A report has warned that millions of blue collar jobs are highly “vulnerable” to automation, adding to prevalent fears that the development of robotics and artificial intelligence will usher in a major shakeup for the U.S. labor market.
According to new research from Oxford Economics, despite being “a significant driver of productivity growth in the coming decades,” robotics and automation will cause disruptions spanning the workforce.
“Across the U.S. economy, approximately 20 percent of jobs are ranked as having a ‘high’ vulnerability,” the author writes, “meaning that the technology that replaces most or all the functions of the occupation already exists and is commercially available.”
Why It Matters
Numerous reports have issued similar such warnings about the impact of automation, as well as AI, on the U.S. workforce over the next few decades. And last year, several companies cited their adoption of AI—and the resulting need for fewer workers—when announcing mass layoff decisions.
Many of these discussions have centered around the forecast effects on white collar employment, particularly in the tech space, but as the new “sobering” research from Oxford Economics highlights, the effects may be at least as pronounced for America’s blue collar workers.
What To Know
In the report, entitled, “Robotics and Productivity—the Incremental Revolution,” Oxford Economics noted that automation across several sectors is already “well underway,” but said that the impacts on employment are likely to be concentrated in a few areas over the next two decades.
“These jobs are not evenly distributed across the economy; they are, in fact, concentrated in a number of sectors where they make up an extraordinarily high amount of the workforce,” the report read.
Drawing on Labor Department data and analysis of over 800 occupations, Oxford Economics assessed each by their susceptibility to replacement by robotics or automating technologies, considering both the nature of the role and whether tech capable of carrying out its tasks already exists.
Around 60 percent of jobs in transportation & logistics are considered at “high vulnerability” to at least partial robotic replacement.
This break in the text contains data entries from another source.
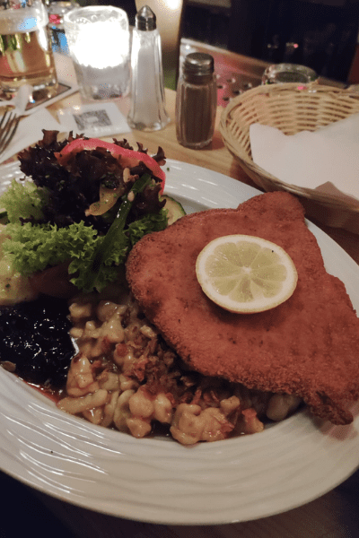 Per terminare la prima giornata a Berlino, ho deciso di cenare al Gaststätte Budike. Questo grazioso ed accogliente ristorante, in tipico stile tedesco, offre un menù con cibo della tradizione locale e buonissime birre d’accompagnamento. Wiener Schnitzel (la classica cotoletta) e maxi polpetta di carne, entrambe servite con patate arrostite, davvero deliziose!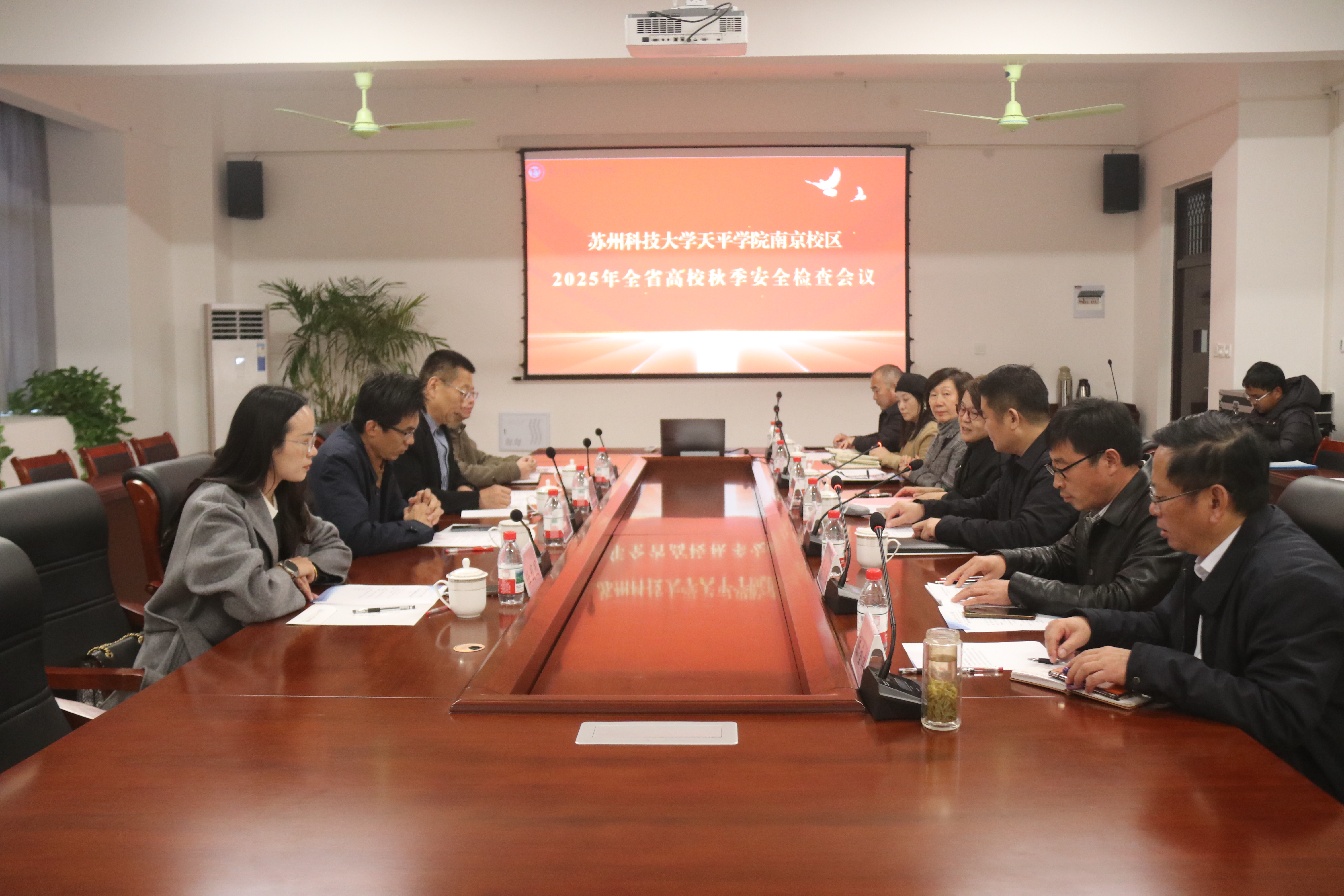 在学院汇报环节,总务保卫处处长高作旭代表校区作安全工作专题汇报。他围绕安全责任体系、安全教育、实验室与危化品管理、消防安全、燃气安全、食品安全、治安防控、交通安全、电动自行车管理等十大方面,系统汇报了南京校区自九月启用以来的安全工作情况。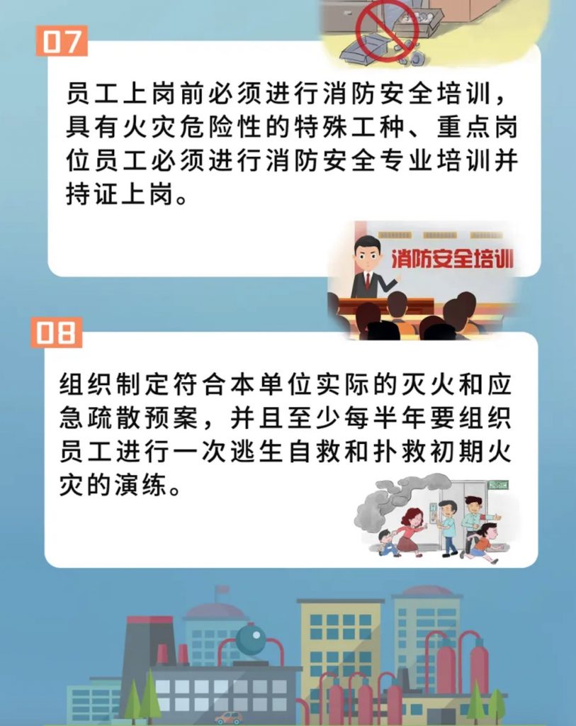 ● 小區(qū)物業(yè)要落實(shí)消防安全主體責(zé)任,保持消防設(shè)施完好,保持“生命通道”暢通,提升物業(yè)工作人員檢查消除火災(zāi)隱患能力、撲救初期起火能力、組織人員疏散逃生能力、實(shí)現(xiàn)救早滅小的目的;
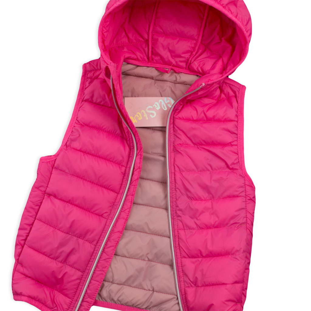 Ľahká dievčenská prešívaná vesta bez potlače. S kapucňou, stojačik pri krku. Hlboké vrecká.Dodatočné parametre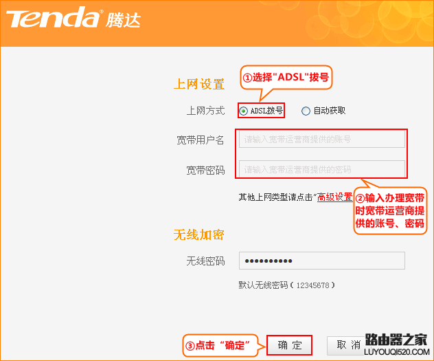 ADSL拔号:在设置页面中选择“ADSL拨号”, 在“宽带用户名”、“宽带密码”中输入宽带运营商(例如:电信、联通等)提供的宽带用户名和密码 ,点击“确定”即可。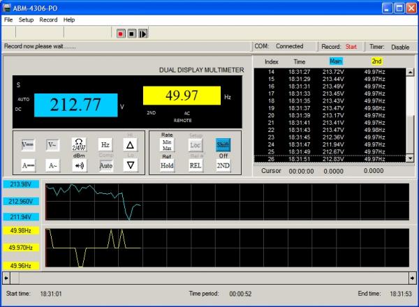Помимо кнопок управления, аналогичных кнопкам на передней панели прибора, в рабочем окне программы отображается статистическая информации по измерениям, а так же графическое отображение двух измеряемых параметров. Слева от графика отображаются минимальные, максимальные и средние значения обоих параметров.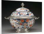 Lidded Bowl; Unknown; Imari, Japan, Asia; porcelain about 1700; mounts about 1717 - 1722; Hard-paste porcelain underglaze blue, polychrome enamel decoration, and gilding; silver mounts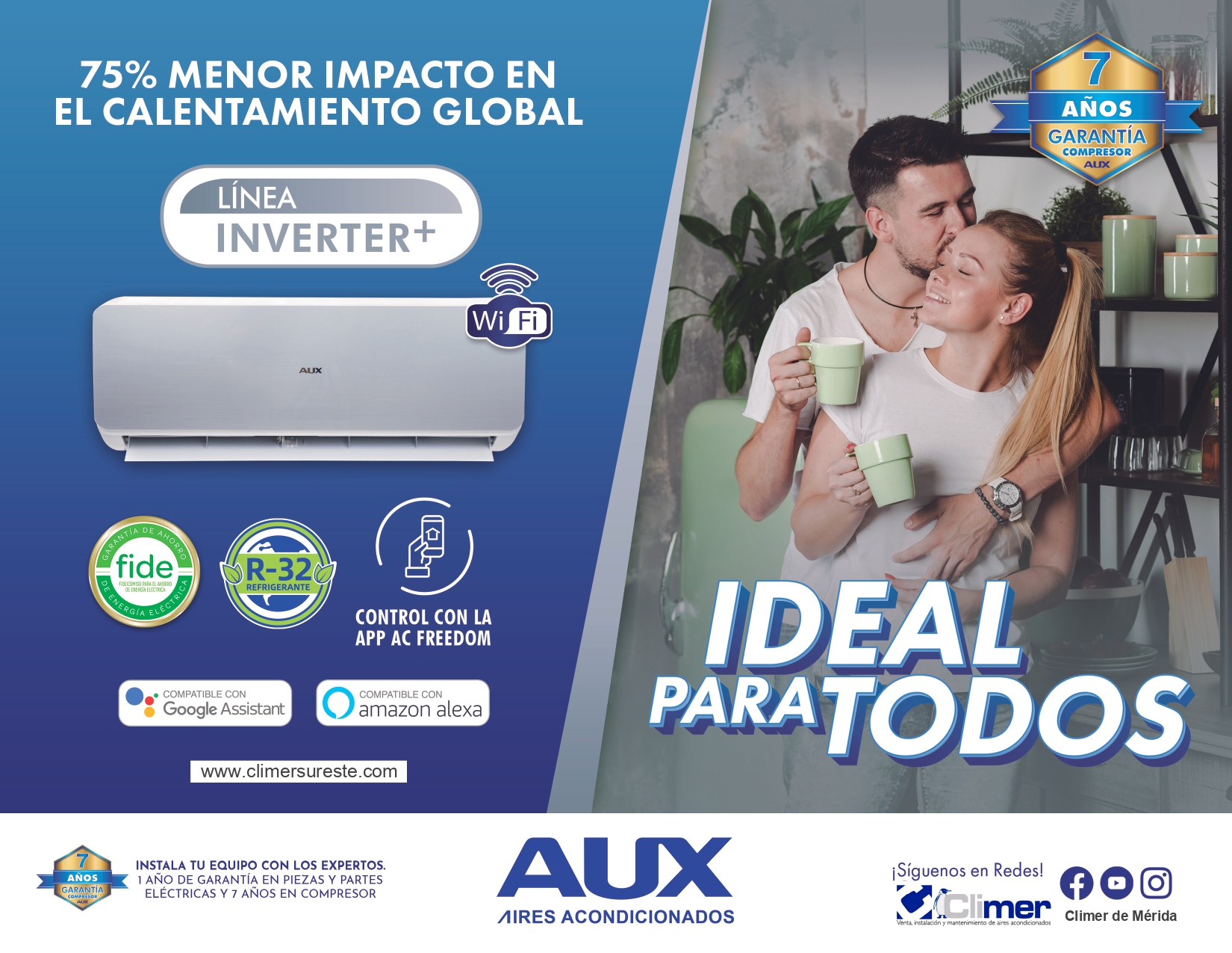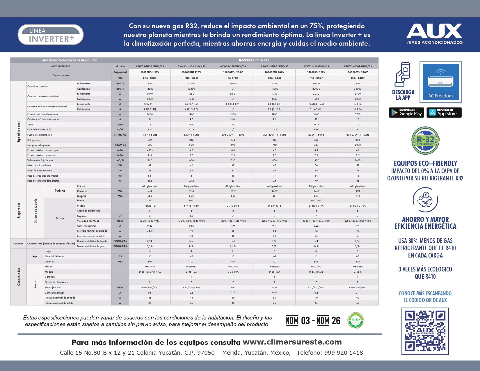 Con Gas Refrigerante R32, capacidades de:

Others include manufacturing, accommodation & catering, retail, wholesale and trade & extraction.
Nico Palesch, senior economist at Oxford Economics and author of the report, told Newsweek that the impact of automation on these professions has “flown a bit more under the radar” than the headline-grabbing effects of AI on the tech space.
While obviously disruptive to these professions, he added that the prospect of robots being able to carry out more “human” roles “also heralds a significant opportunity for productivity increases, i.e. getting more output with less inputs, in these sectors.”
“Given economic growth is fundamentally driven by productivity (especially at a time of slowing population growth and a political turn against immigration) this is quite significant,” he said.
And his report notes that the assessments for labor market impacts are not predictions, and that “incremental” shifts in the employment outlook are more likely than one “big bang.”
“High sectoral vulnerability should…not be interpreted as predicting an imminent jobs collapse or productivity boom,” the report read. “The existence of technology, even the commercial availability, is not on its own enough to immediately transform how a sector produces its output.”
What People Are Saying
Oxford Economics senior economist Nico Palesch wrote: “Like most technologies—even big revolutionary ones—we expect that the adoption of robotics and automation will be a gradual, continuous, and incremental process. Rather than a big bang, we expect that adoption will first emerge in the sectors where there is greatest potential…in the places where it is most obvious, viable, and cost-effective. Over time, adoption in that sector will deepen as technology becomes cheaper and better, and simultaneously, implementation will broaden to other sectors as those same improvements to the technology and cost make other not so immediately obvious use cases viable.”
What Happens Next
Palesch told Newsweek that there will be certain industries and professions in which “cohabitation” with new technologies is possible—i.e., introduced alongside human employees—and that for jobs that are more abruptly replaced, this process will also create some employment opportunities.
“With the rise of these new technologies, new roles and careers will also spring up—technical roles related to the design and manufacture of robots, maintenance and repair, physical management of fleets, that kind of thing, which is its own kind of adaptation,” he said.